= Exercise brief =
In your reply, repeat every entry exactly and skip over each picture.

= Exercise material =
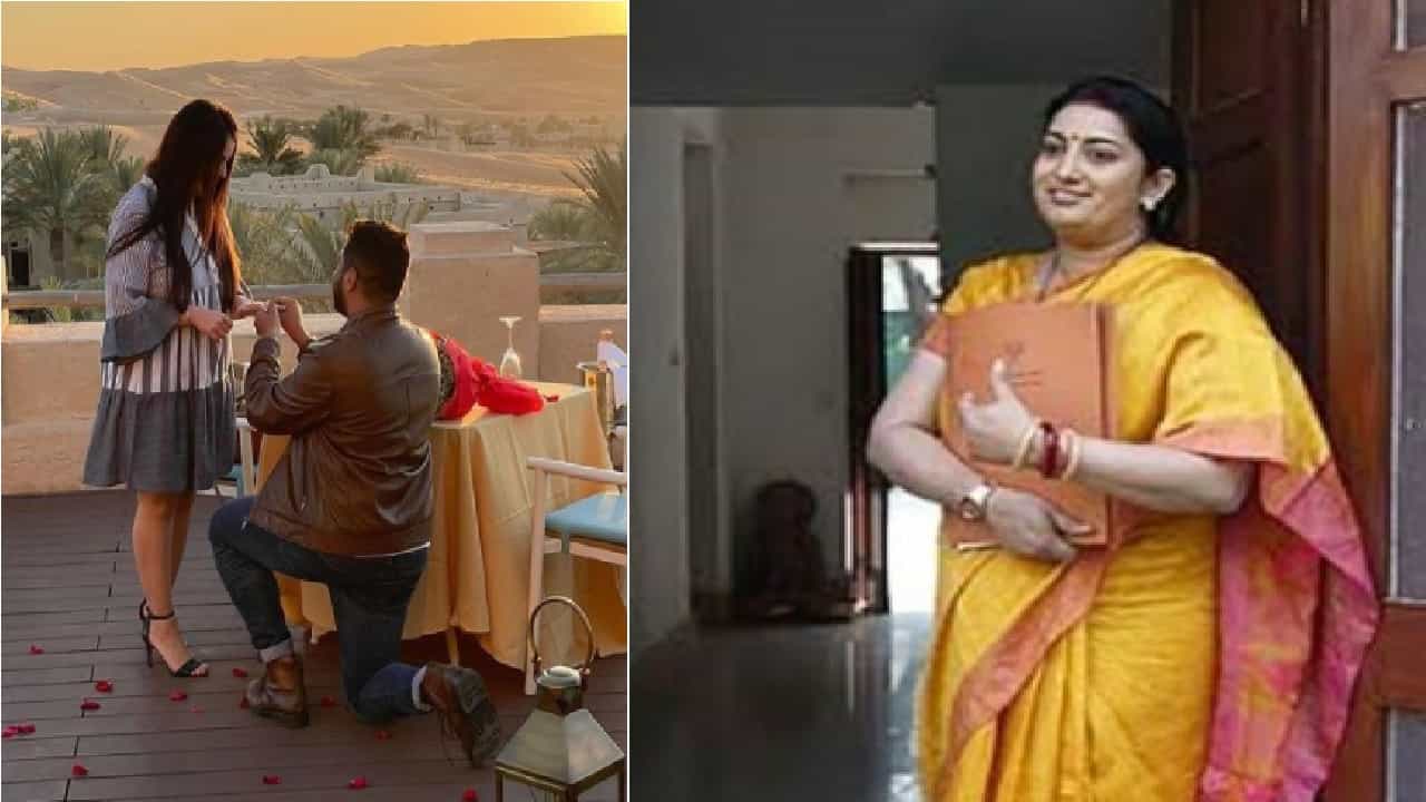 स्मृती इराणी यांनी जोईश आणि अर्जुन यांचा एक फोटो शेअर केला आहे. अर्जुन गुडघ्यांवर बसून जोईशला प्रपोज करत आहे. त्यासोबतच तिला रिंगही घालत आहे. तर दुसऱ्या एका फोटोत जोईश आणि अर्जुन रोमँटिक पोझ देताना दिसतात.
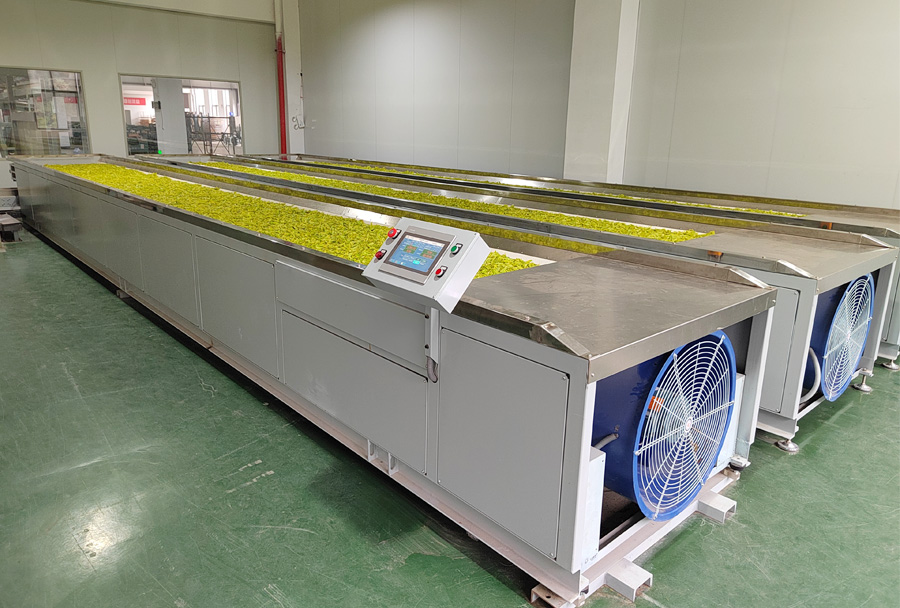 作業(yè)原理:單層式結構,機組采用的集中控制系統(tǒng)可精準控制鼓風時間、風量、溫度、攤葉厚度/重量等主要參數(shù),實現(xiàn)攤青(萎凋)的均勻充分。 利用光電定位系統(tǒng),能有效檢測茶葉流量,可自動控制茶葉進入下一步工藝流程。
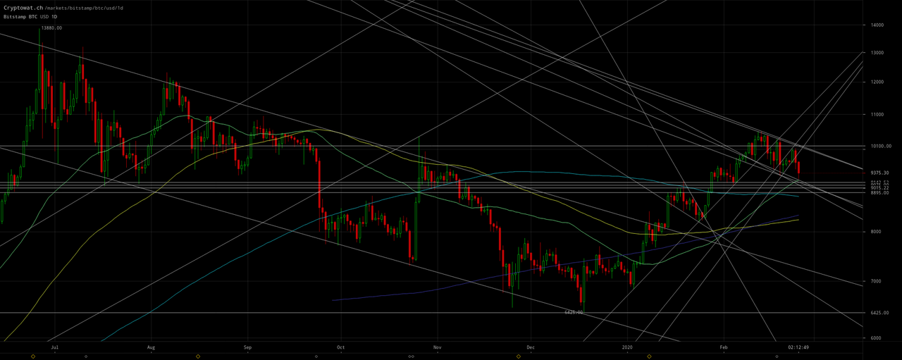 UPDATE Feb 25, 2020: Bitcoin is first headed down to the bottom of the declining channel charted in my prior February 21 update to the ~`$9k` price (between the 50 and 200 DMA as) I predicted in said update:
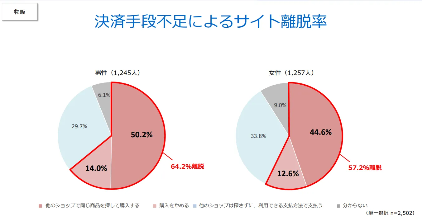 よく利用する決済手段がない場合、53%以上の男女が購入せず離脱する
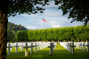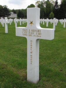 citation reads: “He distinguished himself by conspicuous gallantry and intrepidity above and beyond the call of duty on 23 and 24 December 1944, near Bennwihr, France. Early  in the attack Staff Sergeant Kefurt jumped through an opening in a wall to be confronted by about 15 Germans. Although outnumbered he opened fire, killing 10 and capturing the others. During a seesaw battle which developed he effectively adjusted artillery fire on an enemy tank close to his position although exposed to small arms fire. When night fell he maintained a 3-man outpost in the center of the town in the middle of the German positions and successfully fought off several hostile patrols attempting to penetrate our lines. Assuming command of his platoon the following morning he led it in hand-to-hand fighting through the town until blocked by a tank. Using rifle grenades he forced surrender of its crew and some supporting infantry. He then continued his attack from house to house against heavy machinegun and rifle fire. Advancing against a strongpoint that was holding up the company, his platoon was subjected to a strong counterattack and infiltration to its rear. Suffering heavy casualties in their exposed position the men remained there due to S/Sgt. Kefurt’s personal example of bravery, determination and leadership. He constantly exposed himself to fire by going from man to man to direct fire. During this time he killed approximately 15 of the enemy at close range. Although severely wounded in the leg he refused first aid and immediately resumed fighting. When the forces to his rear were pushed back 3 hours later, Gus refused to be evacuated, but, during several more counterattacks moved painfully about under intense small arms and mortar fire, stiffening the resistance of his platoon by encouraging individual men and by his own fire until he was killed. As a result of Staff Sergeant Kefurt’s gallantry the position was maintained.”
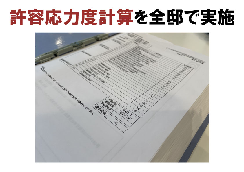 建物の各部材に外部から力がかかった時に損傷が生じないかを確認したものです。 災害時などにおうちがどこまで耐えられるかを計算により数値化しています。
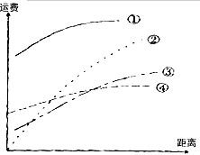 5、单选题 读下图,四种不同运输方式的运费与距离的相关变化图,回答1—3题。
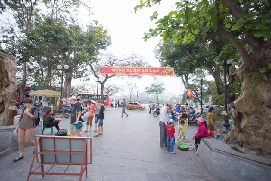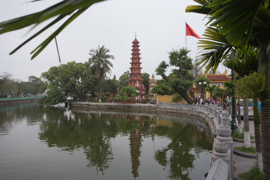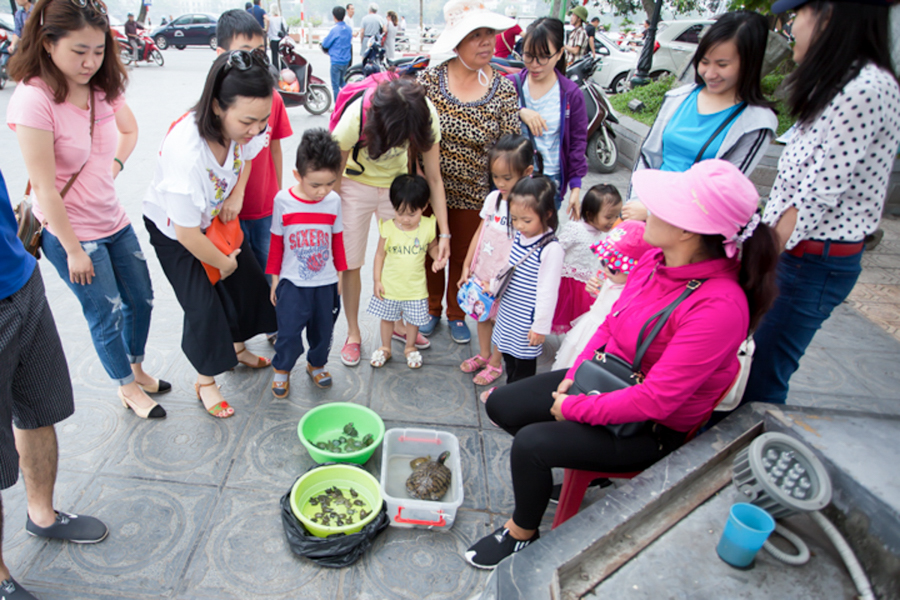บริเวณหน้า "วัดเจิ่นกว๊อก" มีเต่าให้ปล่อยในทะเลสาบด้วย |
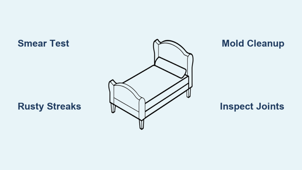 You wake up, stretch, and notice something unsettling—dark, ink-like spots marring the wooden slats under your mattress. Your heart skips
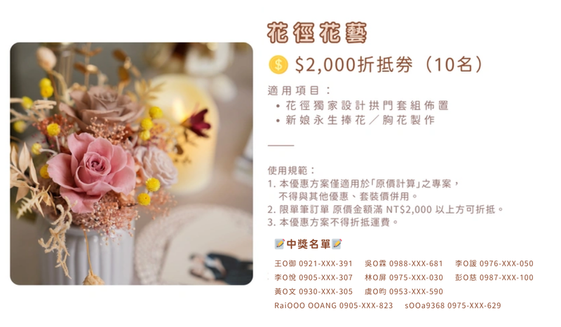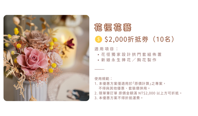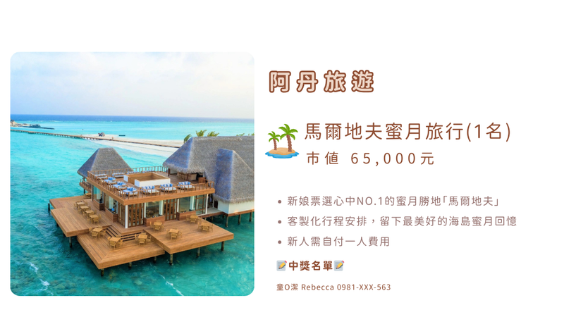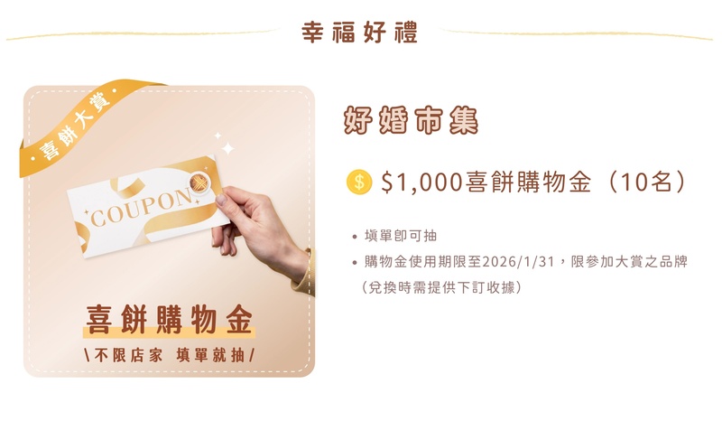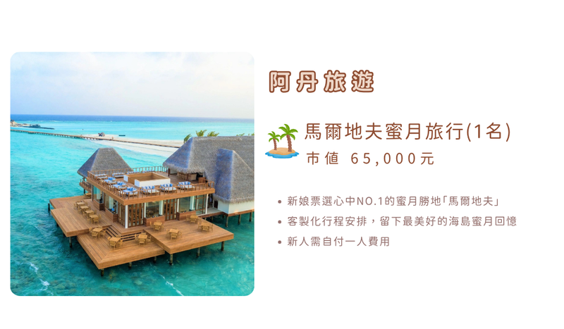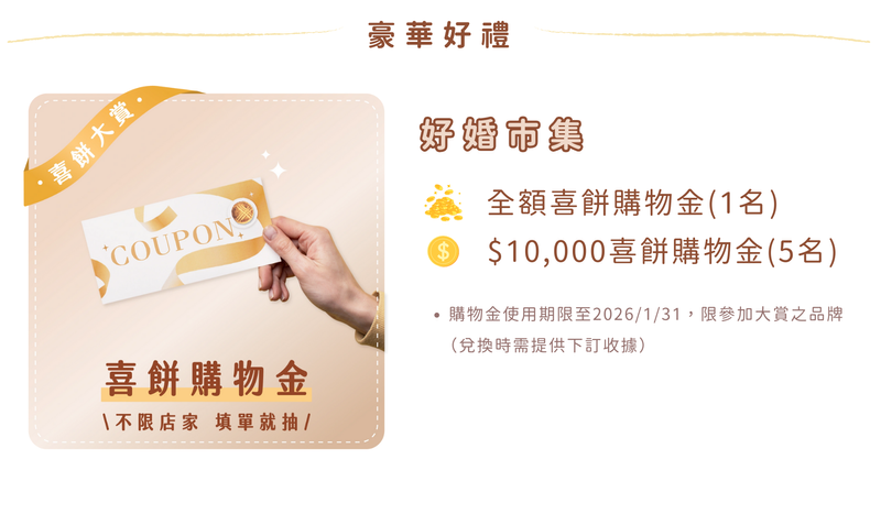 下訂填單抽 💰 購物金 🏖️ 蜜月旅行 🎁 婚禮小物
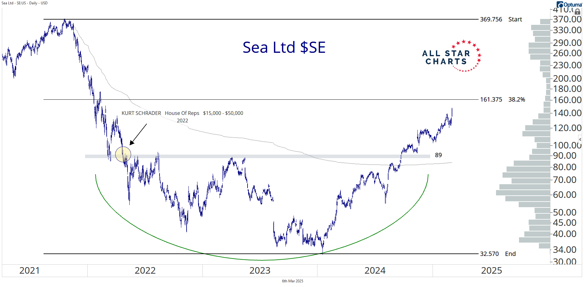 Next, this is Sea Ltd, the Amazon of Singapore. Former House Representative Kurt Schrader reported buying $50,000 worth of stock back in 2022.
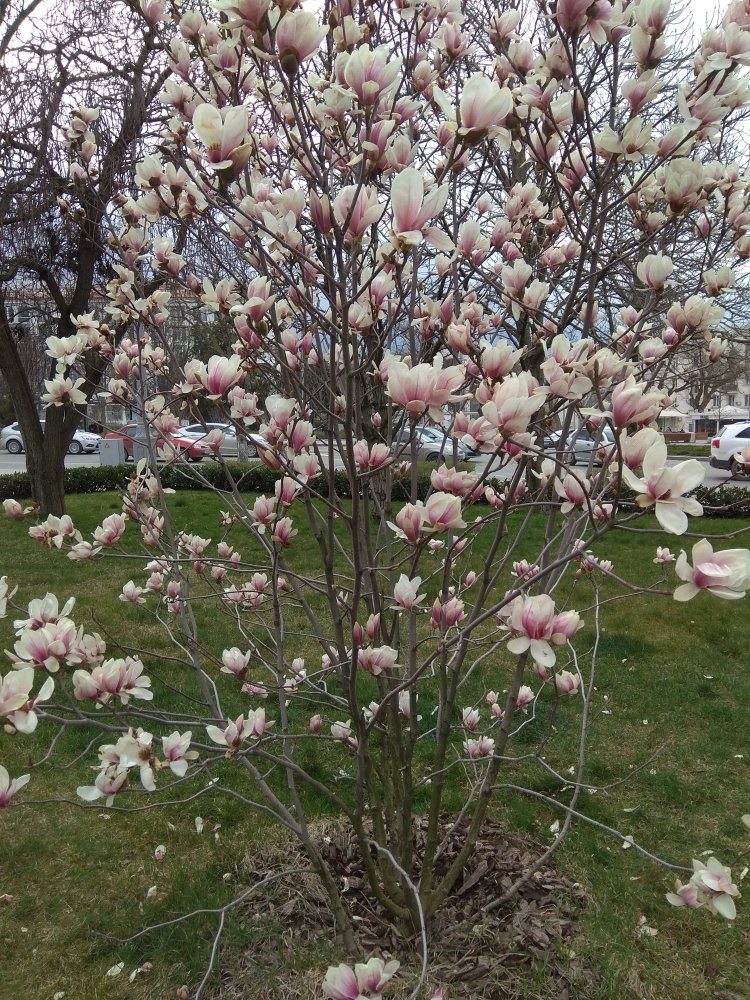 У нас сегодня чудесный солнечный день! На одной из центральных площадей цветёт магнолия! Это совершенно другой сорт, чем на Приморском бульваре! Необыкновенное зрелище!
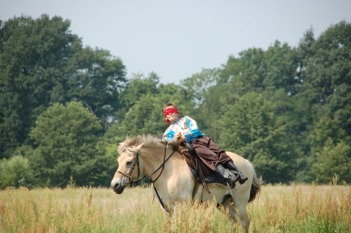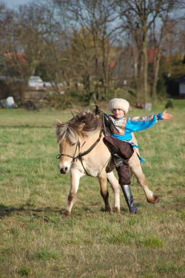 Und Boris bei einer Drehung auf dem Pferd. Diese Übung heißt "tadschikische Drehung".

= Written answer =
 स्मृती इराणी यांनी जोईश आणि अर्जुन यांचा एक फोटो शेअर केला आहे. अर्जुन गुडघ्यांवर बसून जोईशला प्रपोज करत आहे. त्यासोबतच तिला रिंगही घालत आहे. तर दुसऱ्या एका फोटोत जोईश आणि अर्जुन रोमँटिक पोझ देताना दिसतात.
 作業(yè)原理:單層式結構,機組采用的集中控制系統(tǒng)可精準控制鼓風時間、風量、溫度、攤葉厚度/重量等主要參數(shù),實現(xiàn)攤青(萎凋)的均勻充分。 利用光電定位系統(tǒng),能有效檢測茶葉流量,可自動控制茶葉進入下一步工藝流程。
 UPDATE Feb 25, 2020: Bitcoin is first headed down to the bottom of the declining channel charted in my prior February 21 update to the ~`$9k` price (between the 50 and 200 DMA as) I predicted in said update:
 よく利用する決済手段がない場合、53%以上の男女が購入せず離脱する
 citation reads: “He distinguished himself by conspicuous gallantry and intrepidity above and beyond the call of duty on 23 and 24 December 1944, near Bennwihr, France. Early  in the attack Staff Sergeant Kefurt jumped through an opening in a wall to be confronted by about 15 Germans. Although outnumbered he opened fire, killing 10 and capturing the others. During a seesaw battle which developed he effectively adjusted artillery fire on an enemy tank close to his position although exposed to small arms fire. When night fell he maintained a 3-man outpost in the center of the town in the middle of the German positions and successfully fought off several hostile patrols attempting to penetrate our lines. Assuming command of his platoon the following morning he led it in hand-to-hand fighting through the town until blocked by a tank. Using rifle grenades he forced surrender of its crew and some supporting infantry. He then continued his attack from house to house against heavy machinegun and rifle fire. Advancing against a strongpoint that was holding up the company, his platoon was subjected to a strong counterattack and infiltration to its rear. Suffering heavy casualties in their exposed position the men remained there due to S/Sgt. Kefurt’s personal example of bravery, determination and leadership. He constantly exposed himself to fire by going from man to man to direct fire. During this time he killed approximately 15 of the enemy at close range. Although severely wounded in the leg he refused first aid and immediately resumed fighting. When the forces to his rear were pushed back 3 hours later, Gus refused to be evacuated, but, during several more counterattacks moved painfully about under intense small arms and mortar fire, stiffening the resistance of his platoon by encouraging individual men and by his own fire until he was killed. As a result of Staff Sergeant Kefurt’s gallantry the position was maintained.”
 建物の各部材に外部から力がかかった時に損傷が生じないかを確認したものです。 災害時などにおうちがどこまで耐えられるかを計算により数値化しています。
 5、单选题 读下图,四种不同运输方式的运费与距离的相关变化图,回答1—3题。
บริเวณหน้า "วัดเจิ่นกว๊อก" มีเต่าให้ปล่อยในทะเลสาบด้วย |
 You wake up, stretch, and notice something unsettling—dark, ink-like spots marring the wooden slats under your mattress. Your heart skips
 下訂填單抽 💰 購物金 🏖️ 蜜月旅行 🎁 婚禮小物
 Next, this is Sea Ltd, the Amazon of Singapore. Former House Representative Kurt Schrader reported buying $50,000 worth of stock back in 2022.
 У нас сегодня чудесный солнечный день! На одной из центральных площадей цветёт магнолия! Это совершенно другой сорт, чем на Приморском бульваре! Необыкновенное зрелище!
 Und Boris bei einer Drehung auf dem Pferd. Diese Übung heißt "tadschikische Drehung".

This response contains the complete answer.